Task requirements: Could you please return each line of the data that has the word "covered"?

Provided material:

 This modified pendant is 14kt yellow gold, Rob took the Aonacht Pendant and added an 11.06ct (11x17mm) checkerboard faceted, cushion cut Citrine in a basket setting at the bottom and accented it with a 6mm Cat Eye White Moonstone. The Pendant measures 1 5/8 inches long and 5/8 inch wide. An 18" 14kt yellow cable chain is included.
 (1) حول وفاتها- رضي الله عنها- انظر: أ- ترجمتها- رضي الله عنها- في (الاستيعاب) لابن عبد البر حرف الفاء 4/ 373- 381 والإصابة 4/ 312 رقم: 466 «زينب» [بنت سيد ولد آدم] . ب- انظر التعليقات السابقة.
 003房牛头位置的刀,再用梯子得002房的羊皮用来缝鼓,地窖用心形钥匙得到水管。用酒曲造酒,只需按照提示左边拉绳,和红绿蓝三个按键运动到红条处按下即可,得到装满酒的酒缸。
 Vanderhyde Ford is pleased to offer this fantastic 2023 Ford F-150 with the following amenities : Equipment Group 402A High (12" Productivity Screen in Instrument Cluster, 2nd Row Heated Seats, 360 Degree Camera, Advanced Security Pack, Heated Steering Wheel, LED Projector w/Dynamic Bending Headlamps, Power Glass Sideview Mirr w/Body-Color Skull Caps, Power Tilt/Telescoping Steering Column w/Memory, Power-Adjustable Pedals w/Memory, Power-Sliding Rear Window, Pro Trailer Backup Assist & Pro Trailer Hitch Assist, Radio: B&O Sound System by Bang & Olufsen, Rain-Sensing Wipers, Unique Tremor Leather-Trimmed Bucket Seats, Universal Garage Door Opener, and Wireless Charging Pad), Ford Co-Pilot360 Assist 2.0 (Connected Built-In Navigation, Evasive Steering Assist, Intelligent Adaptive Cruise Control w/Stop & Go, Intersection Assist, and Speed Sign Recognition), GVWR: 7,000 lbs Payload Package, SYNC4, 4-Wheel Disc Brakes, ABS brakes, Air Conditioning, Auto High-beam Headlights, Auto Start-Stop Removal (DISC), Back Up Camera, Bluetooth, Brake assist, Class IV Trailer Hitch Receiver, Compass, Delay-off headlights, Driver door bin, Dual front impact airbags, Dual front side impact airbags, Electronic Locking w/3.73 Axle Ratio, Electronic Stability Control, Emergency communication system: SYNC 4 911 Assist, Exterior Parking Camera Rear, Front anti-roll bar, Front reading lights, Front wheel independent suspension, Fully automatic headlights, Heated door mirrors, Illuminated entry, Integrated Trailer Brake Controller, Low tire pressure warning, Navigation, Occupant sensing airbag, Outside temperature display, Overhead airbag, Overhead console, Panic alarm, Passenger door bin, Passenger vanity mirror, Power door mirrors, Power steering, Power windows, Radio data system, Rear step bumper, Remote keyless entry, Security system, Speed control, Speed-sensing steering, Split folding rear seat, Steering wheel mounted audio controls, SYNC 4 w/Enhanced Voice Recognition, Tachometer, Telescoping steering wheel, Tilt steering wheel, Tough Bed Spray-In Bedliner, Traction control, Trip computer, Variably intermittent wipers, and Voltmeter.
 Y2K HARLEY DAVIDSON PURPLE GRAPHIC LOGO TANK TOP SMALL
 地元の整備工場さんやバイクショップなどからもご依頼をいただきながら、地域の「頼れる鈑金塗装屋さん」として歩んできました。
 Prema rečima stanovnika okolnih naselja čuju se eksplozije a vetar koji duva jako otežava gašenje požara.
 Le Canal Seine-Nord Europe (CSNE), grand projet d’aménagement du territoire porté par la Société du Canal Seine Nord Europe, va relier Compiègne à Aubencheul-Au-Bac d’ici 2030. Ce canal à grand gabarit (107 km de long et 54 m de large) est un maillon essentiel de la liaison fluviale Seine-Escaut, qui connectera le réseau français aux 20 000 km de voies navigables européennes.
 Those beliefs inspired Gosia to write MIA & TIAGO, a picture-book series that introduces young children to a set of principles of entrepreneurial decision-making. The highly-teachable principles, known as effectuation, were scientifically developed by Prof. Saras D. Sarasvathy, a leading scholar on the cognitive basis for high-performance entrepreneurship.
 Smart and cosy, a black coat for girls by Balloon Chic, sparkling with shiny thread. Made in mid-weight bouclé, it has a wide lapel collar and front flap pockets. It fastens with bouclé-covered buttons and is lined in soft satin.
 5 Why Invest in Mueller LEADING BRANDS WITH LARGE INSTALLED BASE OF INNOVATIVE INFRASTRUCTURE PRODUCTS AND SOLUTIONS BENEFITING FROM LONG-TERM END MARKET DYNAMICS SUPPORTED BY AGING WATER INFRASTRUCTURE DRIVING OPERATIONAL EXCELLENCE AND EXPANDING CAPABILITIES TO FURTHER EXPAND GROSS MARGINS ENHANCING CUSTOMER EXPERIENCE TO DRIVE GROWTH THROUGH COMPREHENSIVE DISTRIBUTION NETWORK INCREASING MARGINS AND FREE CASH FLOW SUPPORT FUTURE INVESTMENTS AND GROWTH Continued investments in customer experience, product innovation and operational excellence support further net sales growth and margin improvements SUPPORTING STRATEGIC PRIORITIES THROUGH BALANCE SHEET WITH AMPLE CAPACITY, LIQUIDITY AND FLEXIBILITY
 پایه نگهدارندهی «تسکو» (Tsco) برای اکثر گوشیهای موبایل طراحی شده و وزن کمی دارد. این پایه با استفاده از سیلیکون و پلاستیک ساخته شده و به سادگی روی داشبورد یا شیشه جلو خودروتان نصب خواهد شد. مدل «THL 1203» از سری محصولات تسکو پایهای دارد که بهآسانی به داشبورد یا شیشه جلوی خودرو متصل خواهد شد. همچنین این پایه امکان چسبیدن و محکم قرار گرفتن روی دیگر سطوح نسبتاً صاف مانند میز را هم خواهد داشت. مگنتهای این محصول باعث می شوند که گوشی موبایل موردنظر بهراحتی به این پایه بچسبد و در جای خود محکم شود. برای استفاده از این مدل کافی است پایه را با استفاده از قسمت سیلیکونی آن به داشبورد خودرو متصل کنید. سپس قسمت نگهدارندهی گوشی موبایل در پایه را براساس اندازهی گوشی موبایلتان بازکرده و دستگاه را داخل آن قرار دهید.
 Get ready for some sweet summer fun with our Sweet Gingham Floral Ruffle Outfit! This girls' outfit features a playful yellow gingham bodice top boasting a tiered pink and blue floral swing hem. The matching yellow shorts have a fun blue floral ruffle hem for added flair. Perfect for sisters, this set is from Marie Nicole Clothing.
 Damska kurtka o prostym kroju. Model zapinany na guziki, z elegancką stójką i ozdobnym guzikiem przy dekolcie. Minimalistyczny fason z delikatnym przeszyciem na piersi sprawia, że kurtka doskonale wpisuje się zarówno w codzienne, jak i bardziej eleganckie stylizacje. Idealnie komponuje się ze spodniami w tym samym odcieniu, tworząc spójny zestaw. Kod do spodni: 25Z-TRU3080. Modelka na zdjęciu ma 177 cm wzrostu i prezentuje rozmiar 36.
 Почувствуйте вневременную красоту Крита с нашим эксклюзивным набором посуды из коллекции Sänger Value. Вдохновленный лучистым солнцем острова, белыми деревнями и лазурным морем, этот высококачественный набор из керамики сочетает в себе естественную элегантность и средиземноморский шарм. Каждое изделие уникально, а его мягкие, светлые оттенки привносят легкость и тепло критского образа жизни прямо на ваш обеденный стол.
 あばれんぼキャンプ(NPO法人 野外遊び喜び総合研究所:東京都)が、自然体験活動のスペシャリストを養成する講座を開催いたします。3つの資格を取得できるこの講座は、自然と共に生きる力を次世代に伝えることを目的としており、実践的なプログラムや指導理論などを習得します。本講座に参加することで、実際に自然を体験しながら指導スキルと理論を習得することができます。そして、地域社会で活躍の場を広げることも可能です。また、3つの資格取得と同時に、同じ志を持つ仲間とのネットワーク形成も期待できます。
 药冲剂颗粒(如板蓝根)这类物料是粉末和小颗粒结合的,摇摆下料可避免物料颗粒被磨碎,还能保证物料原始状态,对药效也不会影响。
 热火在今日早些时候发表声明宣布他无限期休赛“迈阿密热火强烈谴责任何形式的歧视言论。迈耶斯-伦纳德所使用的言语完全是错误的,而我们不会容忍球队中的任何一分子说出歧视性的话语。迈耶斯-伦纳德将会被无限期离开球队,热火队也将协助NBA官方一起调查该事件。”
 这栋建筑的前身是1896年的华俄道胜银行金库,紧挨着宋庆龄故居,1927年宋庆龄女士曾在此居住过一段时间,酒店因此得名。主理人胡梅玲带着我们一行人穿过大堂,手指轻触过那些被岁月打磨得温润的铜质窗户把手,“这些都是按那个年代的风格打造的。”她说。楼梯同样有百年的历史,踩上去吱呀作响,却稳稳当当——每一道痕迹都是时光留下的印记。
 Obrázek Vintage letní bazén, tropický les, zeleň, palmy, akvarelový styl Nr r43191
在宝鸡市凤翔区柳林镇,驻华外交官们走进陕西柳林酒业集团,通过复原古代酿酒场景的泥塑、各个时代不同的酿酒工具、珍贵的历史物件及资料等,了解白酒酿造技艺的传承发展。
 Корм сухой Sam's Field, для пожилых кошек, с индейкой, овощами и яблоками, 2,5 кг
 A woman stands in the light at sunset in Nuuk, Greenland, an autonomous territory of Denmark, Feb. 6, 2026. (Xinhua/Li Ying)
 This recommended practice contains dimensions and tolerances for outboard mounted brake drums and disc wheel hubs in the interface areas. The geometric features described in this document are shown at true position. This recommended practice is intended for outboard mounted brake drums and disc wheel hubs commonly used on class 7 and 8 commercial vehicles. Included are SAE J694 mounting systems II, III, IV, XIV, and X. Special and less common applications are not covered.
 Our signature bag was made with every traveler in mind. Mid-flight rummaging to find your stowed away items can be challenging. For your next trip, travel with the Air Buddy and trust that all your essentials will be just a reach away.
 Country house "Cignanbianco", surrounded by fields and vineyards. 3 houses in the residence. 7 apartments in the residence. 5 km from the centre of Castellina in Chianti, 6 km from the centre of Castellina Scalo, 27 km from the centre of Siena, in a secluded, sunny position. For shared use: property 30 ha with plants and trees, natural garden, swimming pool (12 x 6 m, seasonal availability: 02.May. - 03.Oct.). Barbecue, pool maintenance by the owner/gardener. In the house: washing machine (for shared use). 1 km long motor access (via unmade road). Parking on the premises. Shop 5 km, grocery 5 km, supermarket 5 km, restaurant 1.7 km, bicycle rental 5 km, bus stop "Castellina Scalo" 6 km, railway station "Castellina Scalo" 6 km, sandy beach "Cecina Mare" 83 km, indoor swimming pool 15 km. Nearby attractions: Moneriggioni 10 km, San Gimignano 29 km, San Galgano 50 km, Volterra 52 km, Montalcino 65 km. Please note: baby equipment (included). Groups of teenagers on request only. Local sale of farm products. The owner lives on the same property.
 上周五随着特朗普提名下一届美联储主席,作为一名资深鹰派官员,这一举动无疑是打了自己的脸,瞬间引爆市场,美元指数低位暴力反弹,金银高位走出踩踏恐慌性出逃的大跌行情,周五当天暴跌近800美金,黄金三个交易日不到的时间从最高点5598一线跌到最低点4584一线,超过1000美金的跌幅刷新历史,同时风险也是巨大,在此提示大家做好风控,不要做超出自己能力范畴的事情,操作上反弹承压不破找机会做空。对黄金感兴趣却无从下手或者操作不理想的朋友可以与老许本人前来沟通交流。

Problem solution:
 Smart and cosy, a black coat for girls by Balloon Chic, sparkling with shiny thread. Made in mid-weight bouclé, it has a wide lapel collar and front flap pockets. It fastens with bouclé-covered buttons and is lined in soft satin.
 This recommended practice contains dimensions and tolerances for outboard mounted brake drums and disc wheel hubs in the interface areas. The geometric features described in this document are shown at true position. This recommended practice is intended for outboard mounted brake drums and disc wheel hubs commonly used on class 7 and 8 commercial vehicles. Included are SAE J694 mounting systems II, III, IV, XIV, and X. Special and less common applications are not covered.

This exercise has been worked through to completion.